=== Instructions for the task ===
With pictures excluded, repeat exactly the lines from the one containing "Aspire brings you" through the last line of the material below.

START Data block

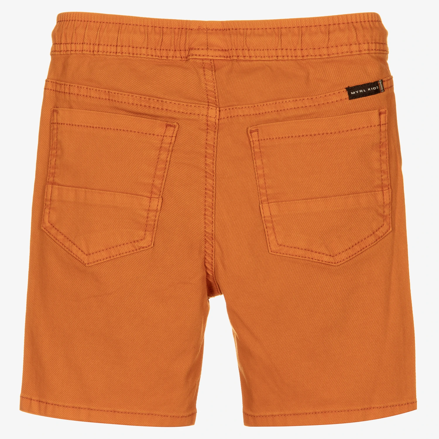 Orange shorts for boys by Mayoral, made in soft cotton twill. They are in a classic five-pocket design and have a drawstring waistband. They have colourful logo embroidery on one hip, with a logo tag on the back.
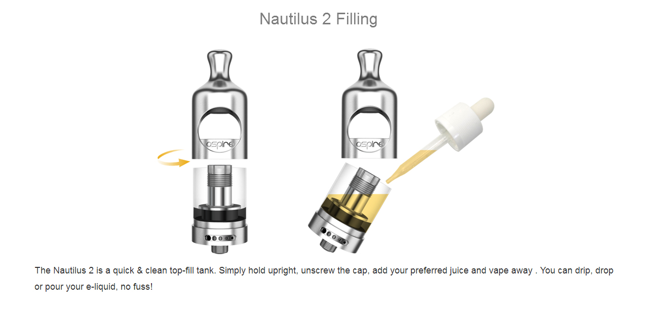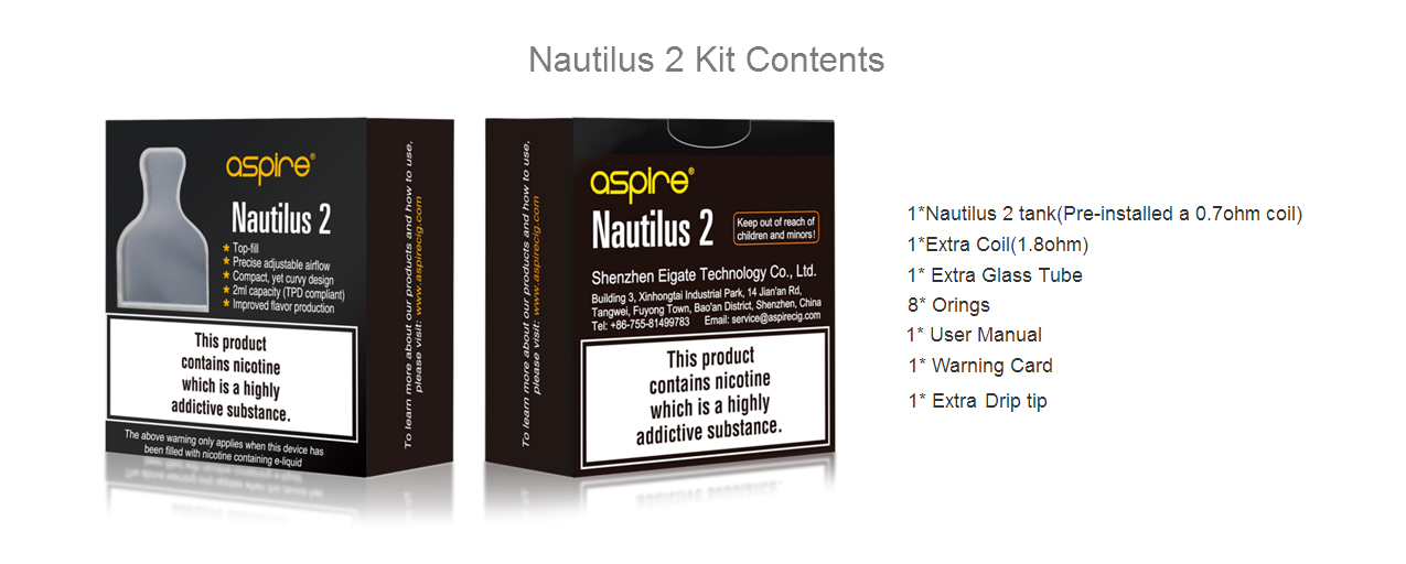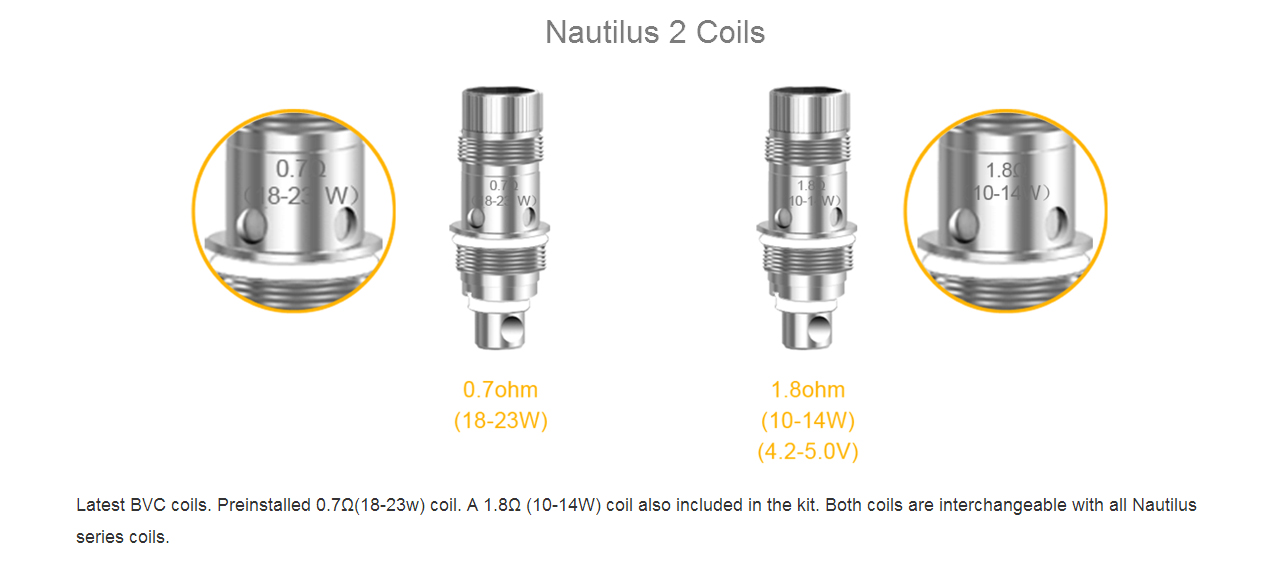 Aspire brings you the new, curvy, Nautilus 2, the latest mouth to lung 2ml tank in the Nautilus series. Nautilus 2 employs a pre-installed, 1.8ohm BVC coil, coupled with the bottom air flow adjuster, helping you to fine tune your vaping needs. Shorted chimney minimizes airflow travel and provides a better flavor experience, bringing the best out of your premium e-juice. Interchangeable coils with other Nautilus tanks, further individualizes your vaping experience.
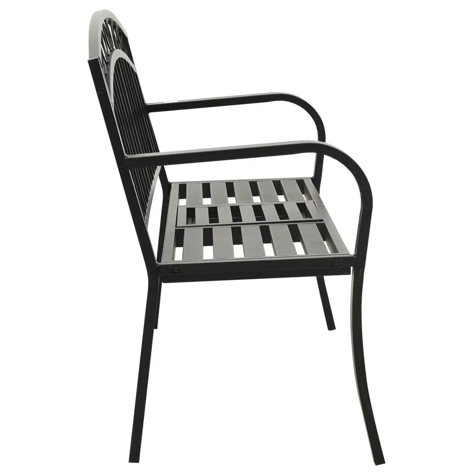 Deze terrasbank is gemaakt van gepoedercoat staal waardoor hij weerbestendig en zeer duurzaam is. Twee gebogen metalen armleuningen vormen de perfecte plek om je armen op te laten steunen. Het tafeltje, dat in het midden van het bankje ontworpen is, is perfect om hapjes en drankjes binnen handbereik te houden.

END Data block

=== The completed task ===
 Aspire brings you the new, curvy, Nautilus 2, the latest mouth to lung 2ml tank in the Nautilus series. Nautilus 2 employs a pre-installed, 1.8ohm BVC coil, coupled with the bottom air flow adjuster, helping you to fine tune your vaping needs. Shorted chimney minimizes airflow travel and provides a better flavor experience, bringing the best out of your premium e-juice. Interchangeable coils with other Nautilus tanks, further individualizes your vaping experience.
 Deze terrasbank is gemaakt van gepoedercoat staal waardoor hij weerbestendig en zeer duurzaam is. Twee gebogen metalen armleuningen vormen de perfecte plek om je armen op te laten steunen. Het tafeltje, dat in het midden van het bankje ontworpen is, is perfect om hapjes en drankjes binnen handbereik te houden.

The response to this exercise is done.